If you want to feed the story move from MLP to recursive meshes.
But your hypothesis is (IMHO) kotopedo.
ZY And yes, since I've already gone in, you wrote that there are problems with retraining. Modern NS science solved this problem long ago.
The simplest and clearest and most efficient way is cross-validation (google it).
You're confusing the warm and the soft. It is a bad practice to feed the net result data.
You will simply confuse the grid, and it will not be able to understand why the same pattern is rising in one case and falling in another.
This is because previous results have been mixed in with the data. This has to do with both the result of a previous trade and the equity value.
You are trying to insert a fitness function into the body of the grid itself. But knowing what is good what is bad is foreign knowledge, it has nothing to do with the grid mechanism.

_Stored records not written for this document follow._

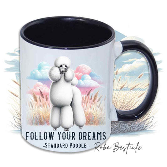 Tazza QUOTES "DREAM" - BARBONE Grande Mole Bianco - In Ceramica, con manico e interno in diversi colori - 330 ml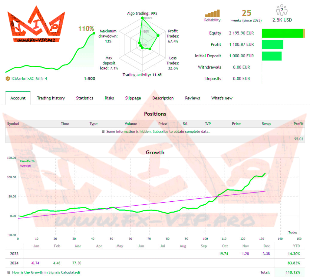 For this advisor, I recommend using accounts with a minimum spread, it is better to use the RAW account of this broker IC Markets , it is also recommended to use a fast VPS server for smooth operation, I highly recommend opening an account here Zomro and select “Server for Forex”, it costs about $3 per month.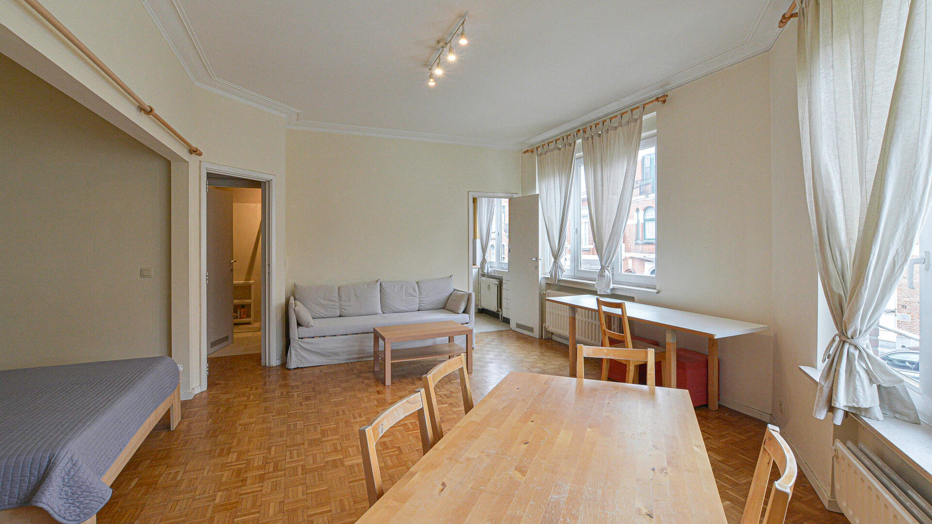 Deze mooie semi-gemeubileerde studio bevindt zich op de 1ste verdieping (zonder lift) en omvat: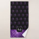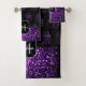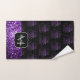 Personalice su nombre inicial y original, con una única toalla de baño falsa y brillante para ella. Si es Sparkly y Purple quiero un patrón. Un hermoso purpurina morado rompe el texto. Purpurinas brillantes de color morado glamuroso brillan sobre negro. ¡Foto de chispas moradas, no purpurina real!
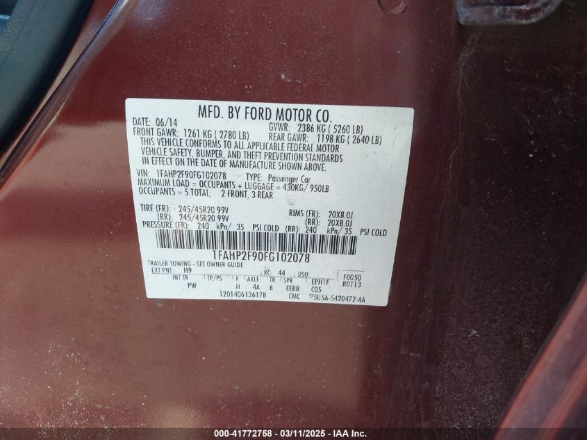 2015 FORD TAURUS 2015 Gasoline, 2.0, Front wheel drive, VIN - 1FAHP2F90FG****** from the USA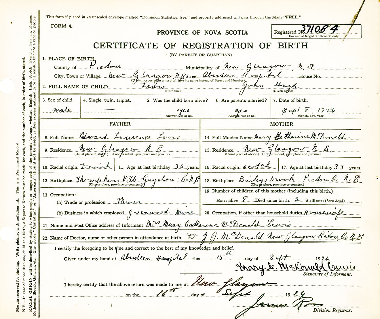 Male Birth Registration: Year: 1924 number: 37100084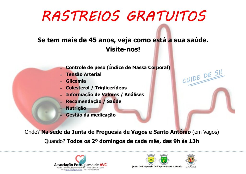 Todos os 2º domingos de cada mês, das 9h às 13h, os profissionais de saúde voluntários da Associação Portuguesa de AVC irão realizar rastreios gratuitos aos fatores de risco cardiovasculares na sede da Junta de Freguesia de Vagos e Santo António.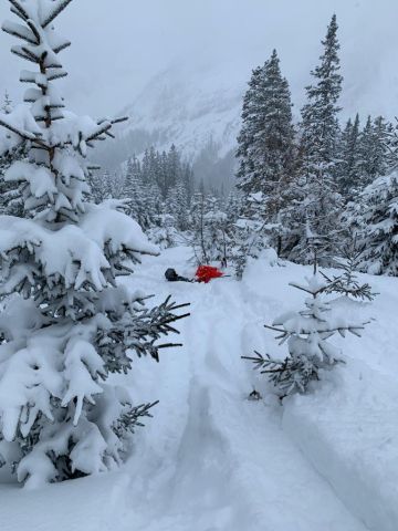 Same of Abel is gevallen in de diepe verse sneeuw tussen de bomen.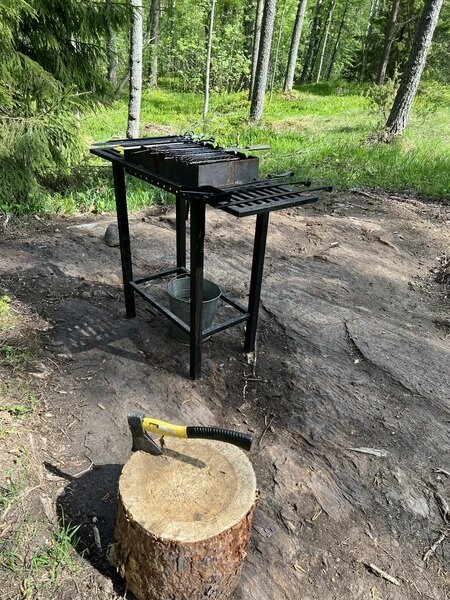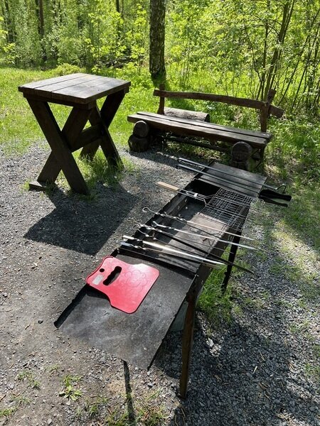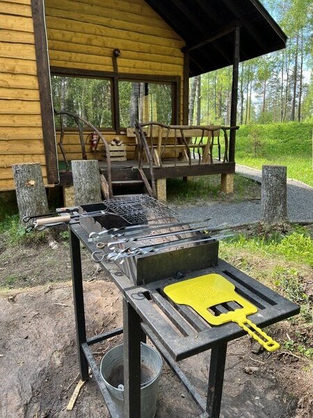 Перед террасой кованый мангал с шампурами у каждого коттеджа.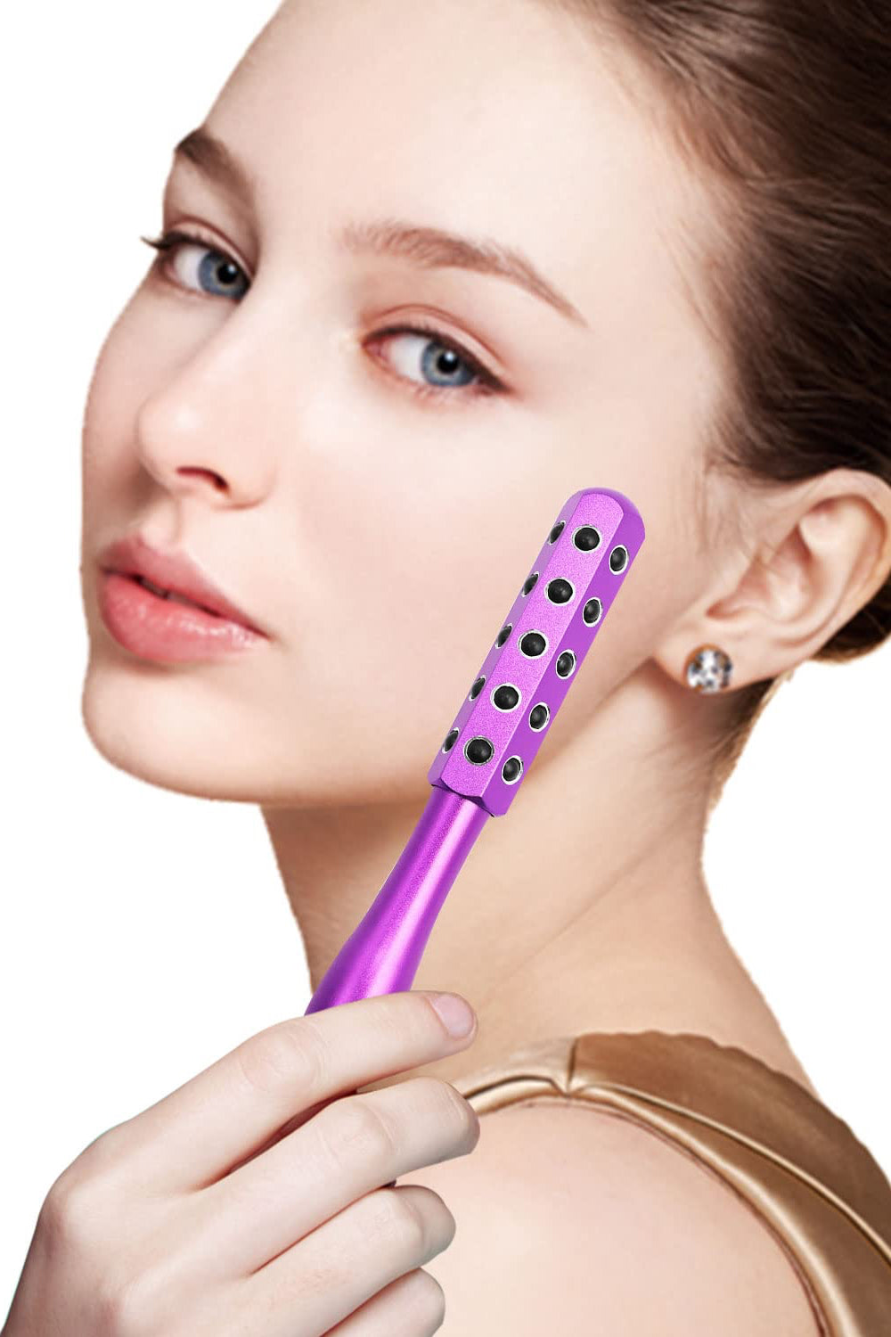 Der Beauty Massagestab ist mit 30 Massagesteinen besetzt. Er kann auf der Gesichtshaut, bei Fältchen um Nase und Mund, zwischen den Augenbrauen, bei Fischschwanzfalten, auf Wangen, Kinn, Brüsten, Armen, Bauch und Oberschenkeln usw. angewendet werden. Verwenden Sie ihn zusammen mit der Wonder Mist Creme oder anderen Schönheitscremes, straffenden Lotionen, Brustcremes oder Schlankheitsgels und reiben Sie ihn sanft mit kreisenden Bewegungen ein, um die Wirkung zu verstärken.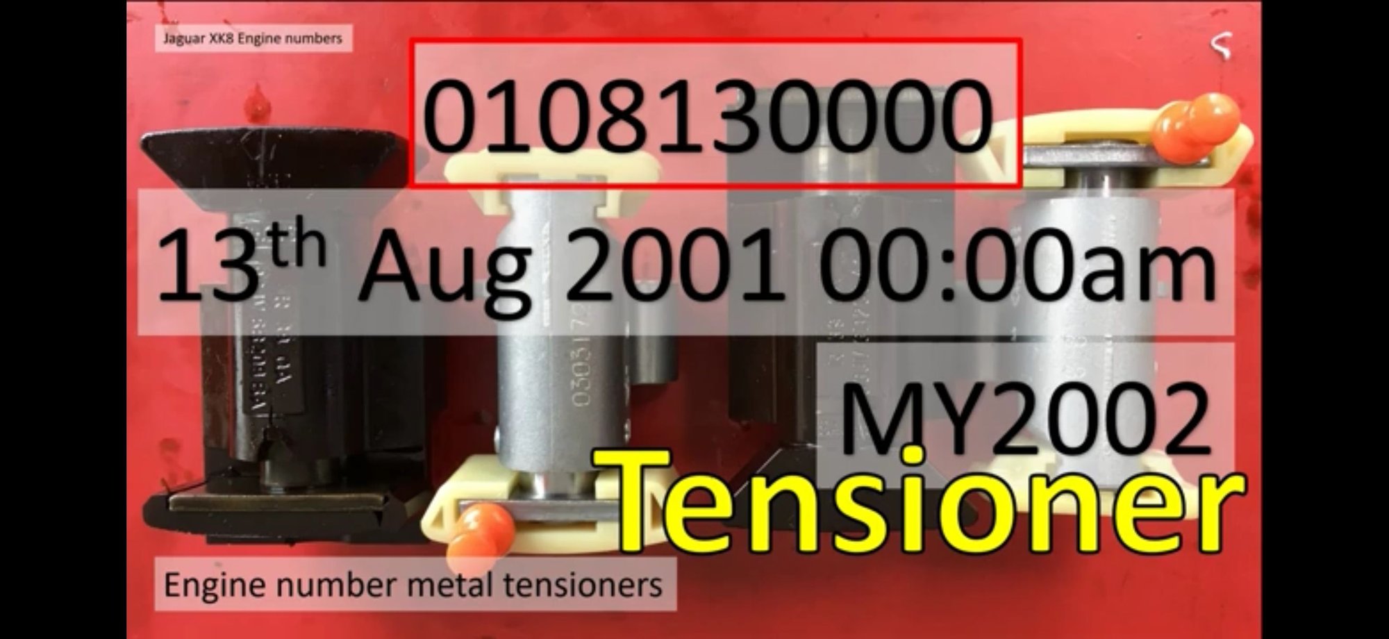 Remember that the metal TC tensioners came on all AJ engines built after Aug 13, 2001. To see this date you have to look at the left side of the engine block, which is easily done (haha) with a smart phone and a flashlight. Don't jack the car up, just stick the flashlight (damnitall, i mean torch) into the engine compartment near the torque converter (shining forward) and put your phone next to the block. You might find that the 2002 in question was produced after that glorious date. The picture of the block is my 2002 engine (02/02/2026) that went into my car, build date of April 2002 on the door. You can see that it took two months from the engine build to rolling off the assembly line.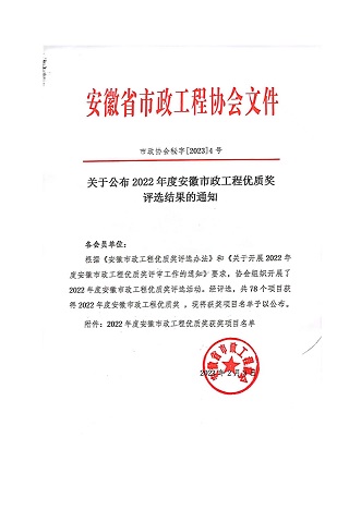 根据《安徽市政工程优质奖评选办法》和《关于开展2022年度安徽市政工程优质奖评审工作的通知》要求,安徽省市政工程协会组织开展了2022年度安徽市政工程优质奖评选活动。米兰平台-米兰(中国)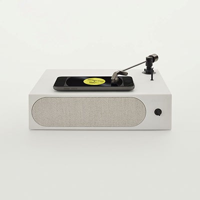 「TurnT」: アプリからの音楽を楽しむためのターンテーブルのようなデバイス。本体上に置いたスマートフォンの画面をレコードの盤面に見立て、針を落とすと再生が始まります。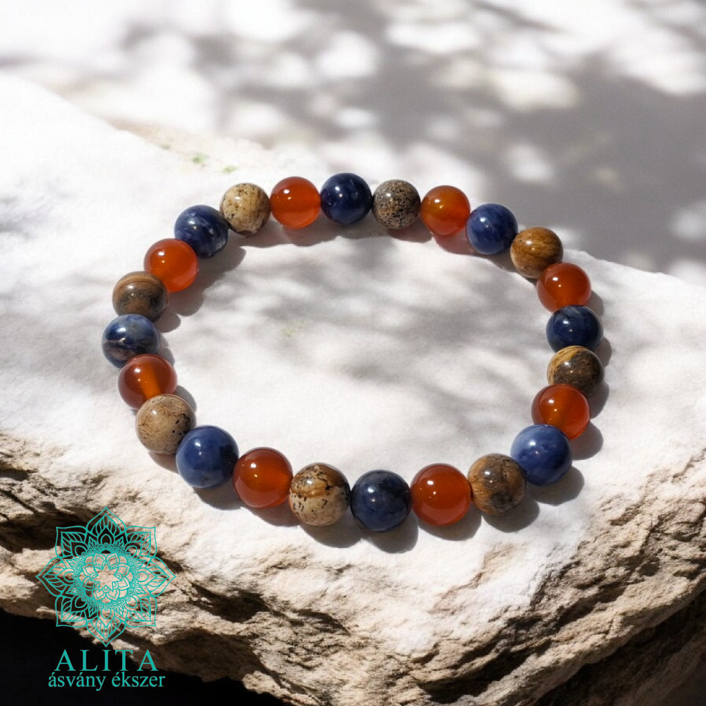 Kos csillagjegy-szodalit-karneol-képjáspis 8 mm ásvány karkötő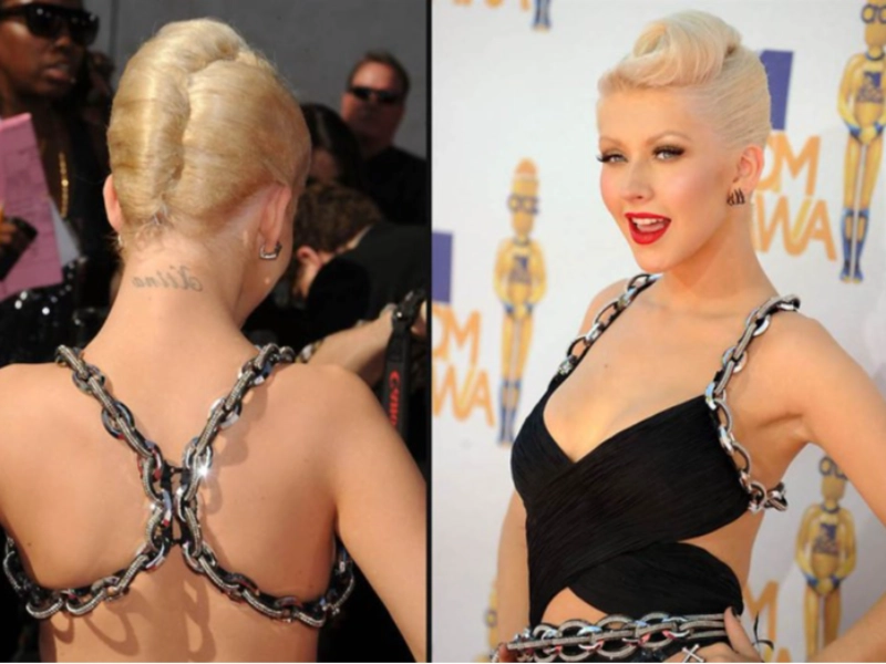Christina Aguilera showcases Xtina beneath her neckline affirming stage persona and fan bond. She has five pieces each tied to a narrative.

If you want to feed the story move from MLP to recursive meshes.
But your hypothesis is (IMHO) a cotopoe.
Judging by all neural networks for you consist in one definition - the Perseptron. IMHO, you are not even aware of the fact that this is only the visible tip of the iceberg, and it is a tiny one.
And no one has ever beaten overtraining. You don't have much of an understanding of the MoD.You're confusing the warm and the soft. It is a bad practice to feed the net result data.
You will simply confuse the grid, and it will not be able to understand why the same pattern is rising in one case and falling in another.
This is because previous results have been mixed in with the data. This has to do with both the result of a previous trade and the equity value.
You are trying to insert a fitness function into the body of the grid itself. But knowing what is good what is bad is foreign knowledge, it has nothing to do with the grid mechanism.
If you want to feed the story move from MLP to recursive meshes.
But your hypothesis is (IMHO) kotopedo.
I'd like to do an analogue of a backed up grid. Recurrent meshes, unfortunately, have no concept of environment and no response. Nets with reinforcement do. How do you do that? The first thing that comes to mind is to kick it if its performance outside is unsatisfactory, e.g. via eq.
maybe a cotopec, i don't know, imho... it's just fun :) and it's easy, it doesn't take much time.
And yes, while I was at it, you wrote that there are problems with retraining. Modern NS science solved this problem long ago.
The simplest and most clear and effective way is cross-validation (google it).
I know all about it, crossvalidation is a fitting too, but more subtle.
recurrence also loops on itself and sometimes cannot learn
I don't quite get it - you say you can't feed network outputs to inputs, and then you write a recurrence... :) and that's all it does, it eats its outputs
the recurrence is, in the simplest case, a regular MLP that eats itself
I know all about it, cross-validation is also a fitting but more sophisticated
recurrence also loops on itself and sometimes can't learn
And I don't quite understand - you say you can't feed network outputs to inputs, and then you write a recurrence... :) and that's all it does, it eats its outputs
The recurrence is a simple MLP that eats itself.
No, what I was saying was that you can't mix market data with network performance.
In other words, the network processes the quotes, while you feed it with data about whether the previous trade was successful or not.
And in general, whether the network worked well or not, this is a separate unit (I used to call it fitness-function in GA, in NS the name of the error function is used, but the essence is the same).
Suppose you train network backprop, it turns out you have an error becomes part of the data, buttery oil. I hope you understand what I mean.
Judging by all neural networks for you consist in one definition - the Perseptron. IMHO, you're not even aware that this is only the visible tip of the iceberg, and even that is a tiny one.
And no one has ever defeated retraining. You don't have a lot of understanding of the Ministry of Defense.I was talking about the specific network presented by Maxim.
If you do not understand the three sentences ... You know, why should I tell you).